A high-performance electrochemical sensor for biologically meaningful l-cysteine based on a new nanostructured l-cysteine electrocatalyst.

As a new class of l-cysteine electrocatalyst explored in this study, Au/CeO2 composite nanofibers (CNFs) were employed to modify the screen printed carbon electrode (SPCE) to fabricate a novel l-cysteine (CySH) electrochemical sensor with high performance. Its electrochemical behavior and the roles of Au and CeO2 in the composite toward electro-oxidation of CySH were elucidated and demonstrated using cyclic voltammetry and amperometry techniques for the first time through the comparison with pure CeO2 NFs. More specifically, the Au/CeO2 CNFs modified SPCE possessed greatly enhanced electrocatalytic activity toward CySH oxidation. An ultra high sensitivity of 321 μA mM-1 cm-2 was obtained, which is almost 2.7 times higher than that of pure CeO2 NFs, revealing that the presence of Au imposed an important influence on the electrocatalytic activity toward CySH. The detailed reasons on such high performance were also discussed.
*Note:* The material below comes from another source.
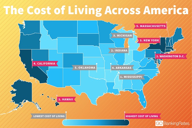 美國財經(jīng)網(wǎng)站GOBankingRates的一項(xiàng)調(diào)查顯示,美國生活成本最高的五個州分別是夏威夷州、哥倫比亞特區(qū)、紐約州、加州以及馬薩諸塞州,而生活成本最低的五個州則分別是密西西比州、印第安納州、密歇根州、阿肯薩斯州以及俄克拉荷馬州。這項(xiàng)排名是綜合比較各州房價、日用品、水電氣、交通、健康醫(yī)療以及各種雜項(xiàng)開支后得出的。值得一提的是,房價方面,華盛頓特區(qū)要比全美平均房價高出134%,成為美國房價最貴的地區(qū),加州緊隨其后,高出全國平均水平92.7%。(美通社,2017年5月11日洛杉磯)

In addition, the as-prepared sensor showed a low detection limit of 10 nM (signal to noise ratio of 3), a wide linear range up to 200 μM for the determination of CySH, an outstanding reproducibility and good long-term stability, as well as an excellent selectivity against common interferents such as tryptophan, tyrosine, methionine, ascorbic acid and uric acid. All these features indicate that the Au/CeO2 composite nanofiber is a promising candidate as a new class of l-cysteine electrocatalyst in the development of highly sensitive and selective CySH electrochemical sensor.